How To Break The Suction Of a Breastfeeding Latch

How To Safely Remove Your Baby from Your Breast

How To Safely Break The Suction Of A Breastfeeding Latch.
To prevent sore nipples, learn how to safely remove your baby from your breast after breastfeeding. SelectStock/Getty Images

Breastfeeding and Removing Your Baby From Your Breast

When your baby is latched on to your breast correctly, your nipple and part of your areola, the darker area of skin surrounding your nipple, will be in your baby's mouth. The baby will create a strong seal between her mouth and your breast as she nurses. Most of the time, when the baby needs to take a break, is ready to switch sides, or has finished breastfeeding, she will open her mouth and release your breast on her own.

Sometimes, though, you may have to be the one to remove your baby from your breast. If the baby doesn't latch on well, you will need to take her off of your nipple so you can re-position her. If she falls asleep at the end of a feeding and is still holding on to your breast, you may want her to release you so that you can put her down and do something else.

Do Not Pull Your Baby Off Of Your Breast

When removing your baby, do not try to pull her off of your breast. Pulling at your nipples can damage the delicate skin around nipple and areola. The baby may also bite down on your nipple to try to prevent it from leaving her mouth. This can be very painful.

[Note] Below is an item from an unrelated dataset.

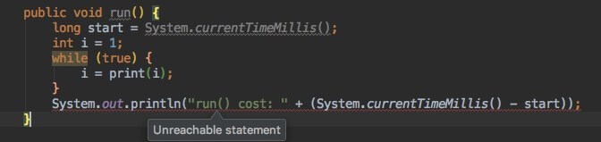 上面的提示很明显的告诉了,最后一行语句永远不可能达到,编译就存在异常了;那么问题来了,作为一个 java agent 的提供者,我哪知道使用者有没有写这种死循环的方法,如果应用中有这么个死循环的任务存在,把我的 agent 一挂载上去,导致应用都起不来,这个锅算谁的????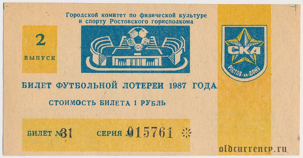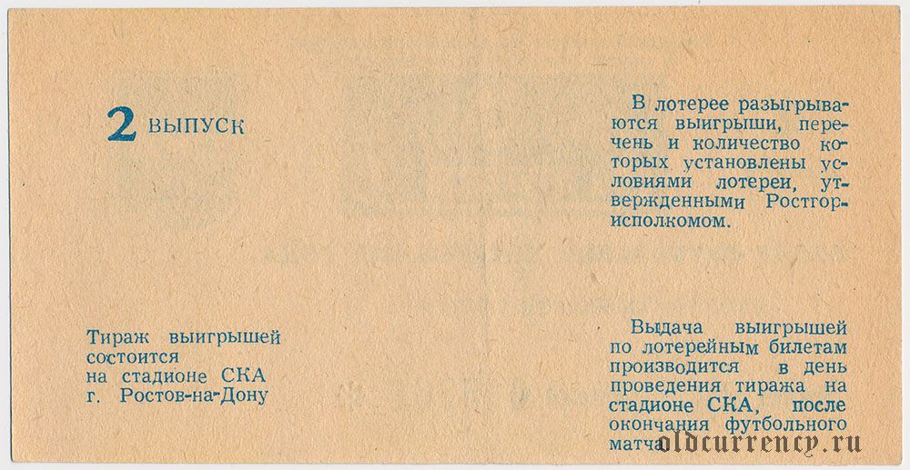 Ростов-на-Дону, СКА, футбольная лотерея 1987 года, 2 выпуск

It's important to learn how to take your baby off of your breast without causing pain and sore nipples. So, how do you remove a baby from the breast?

How To Break The Suction Of A Breastfeeding Latch: The Removal Technique

  1. Gently slide your finger into the side of your baby's mouth. Go past your baby's lips and between her gums. This will break the suction between her mouth and your breast.
     
  1. Once your baby opens her mouth, remove your breast.
     
  2. Protect your nipple as you remove your breast by keeping your finger between your baby's gums until your nipple is safely out of the baby's mouth. This will prevent the baby from accidentally biting down on your nipple.

Source:

American Academy of Pediatrics. New Mother’s Guide To Breastfeeding. Bantam Books. New York. 2011.